[Extracted records]
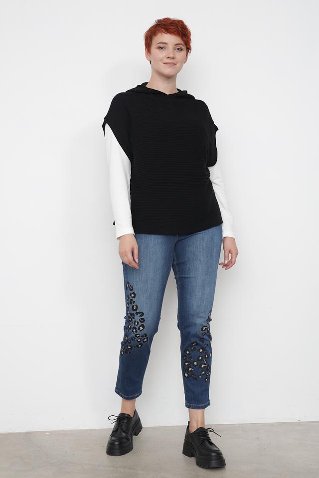Чёрный жилет от Doris Streich – это стильный и удобный выбор для создания многослойных образов. Модель выполнена из фактурного трикотажа с капюшоном и имеет свободный крой, обеспечивающий комфорт в носке. Состав: вискоза 50%, полиакрил 50%
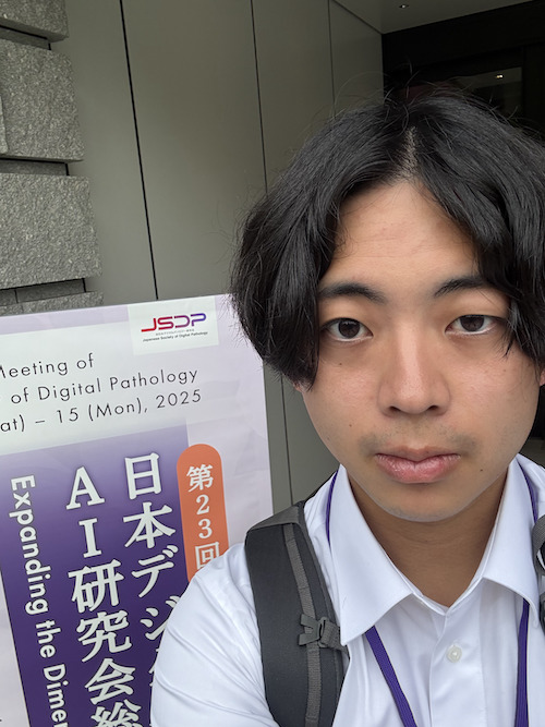 今回はポスターなどの発表もなく、自己研鑽のために参加させていただきました。会場が清水研から近かったこともあったかとは思いますが、これまでにこういった形でご支援いただくことがなかったため非常にありがたく感じています。病理学の分野としては薬学部時代にしっかり学んだこともなく、実際に学会の発表を聞いていてわからないことも多くあったことは事実ですが、エッセンスコースなどで消化器や循環器をはじめとした染色画像を少し見ていたこともあって、少なくとも学部時代の自分と比較すれば病理学に対するハードルは低かったように思います。現在の菱沼先生のように共同研究でお世話になる可能性もあるので、少なくともAIに関する部分については今後対応していけるように研鑽を積んでいきたいと感じました。
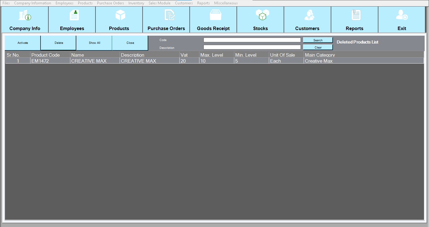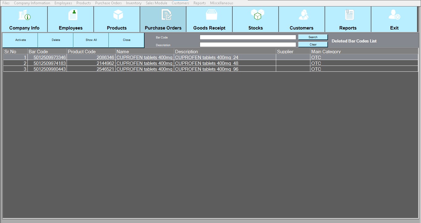 This acts as recycle bin, once the bar codes are deleted from the products, they fall in this list, and you can delete permanently or activate the barcode again.
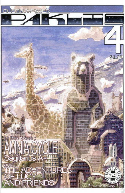 The city of Zoohurst is the pinnacle of architectural ambition, the spirit of the Shadow Zone, and the home of Shana Tyson, whose name was uttered on a mysterious transmission in the deep of space. Zoohurst is also Tara's next destination in her search for Amnia. But the massive animal buildings of Zoohurst are not the only architectural wonders to behold in this issue. In a collaboration between father and daughter, DUSTIN & LUCY WEAVER bring you “The Adventures of Lucy and Friends” where a group of friends visit the very strange Wing Store.
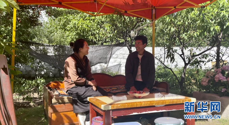 圖為嘎拉村村民達(dá)瓦參堅和妻子在自家的院子里聊天,身后是小菜園和不同的果樹。新華網(wǎng) 陳穎 攝
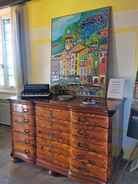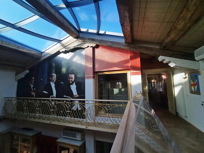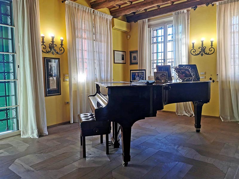 No, vratimo se mi u unutrašnjost kuće. Čim uđete, naći ćete se u velikoj dnevnoj, ali i radnoj sobi u kojoj dominira njegov voljeni klavir, originalno odijelo s frakom, ali i njegov dirigentski štapić kojim je obuzdavao ruke tijekom nastupa. U ovom dijelu dnevne sobe nalaz se i biblioteka i stolić – vitrina u kojoj se nalaze osobni predmeti slavnog glazbenika. Drugi dio dnevne sobe, u kojoj je Luciano okupljao prijatelje povezan je prostranom žutom kuhinjom koja djeluje kao da je vrijeme stalo. Dok ulazite u nju možete zamisliti slavnog tenora kako upravo u njoj kuha čaj koji je redovito pio prije nastupa. Za razliku od prvog dijela dnevne sobe u kojoj osvaja na prvi pogled glazbena karijera ovog glazbenika, u drugom dijelu su otkrivene njegove strasti – u slobodno vrijeme je slikao, a s prijateljima se volio kartati ili pričati skenirajući detalje razgovora.
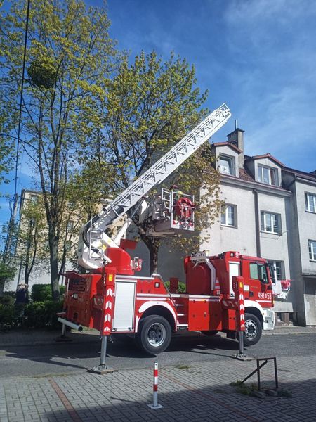 Nasi strażacy przy pomocy podnośnika zdjęli małpkę i przekazali całą i zdrową właścicielce.
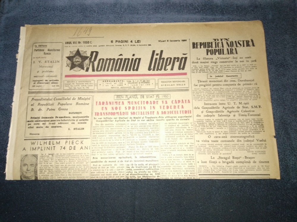 ZIARUL ROMANIA LIBERA 6 IANUARIE 1950
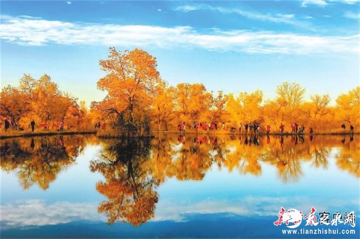 10月1日,金塔沙漠胡杨林景区层林尽染,金黄色的树叶在阳光的照耀下,美轮美奂。游客漫步其中,体验“碧云天,黄叶地,秋色连波”的独特魅力。山西游客高超说:“一直向往金塔沙漠胡杨林,今天终于来了。风景特别漂亮,尤其金波湖最美,令人流连忘返。”

» **Problem details**: The answer must be the lines of the entries above, written out exactly from the first through the one with "今回はポスターなどの発表もな", and no pictures.

» **Exercise solution**:
Чёрный жилет от Doris Streich – это стильный и удобный выбор для создания многослойных образов. Модель выполнена из фактурного трикотажа с капюшоном и имеет свободный крой, обеспечивающий комфорт в носке. Состав: вискоза 50%, полиакрил 50%
 今回はポスターなどの発表もなく、自己研鑽のために参加させていただきました。会場が清水研から近かったこともあったかとは思いますが、これまでにこういった形でご支援いただくことがなかったため非常にありがたく感じています。病理学の分野としては薬学部時代にしっかり学んだこともなく、実際に学会の発表を聞いていてわからないことも多くあったことは事実ですが、エッセンスコースなどで消化器や循環器をはじめとした染色画像を少し見ていたこともあって、少なくとも学部時代の自分と比較すれば病理学に対するハードルは低かったように思います。現在の菱沼先生のように共同研究でお世話になる可能性もあるので、少なくともAIに関する部分については今後対応していけるように研鑽を積んでいきたいと感じました。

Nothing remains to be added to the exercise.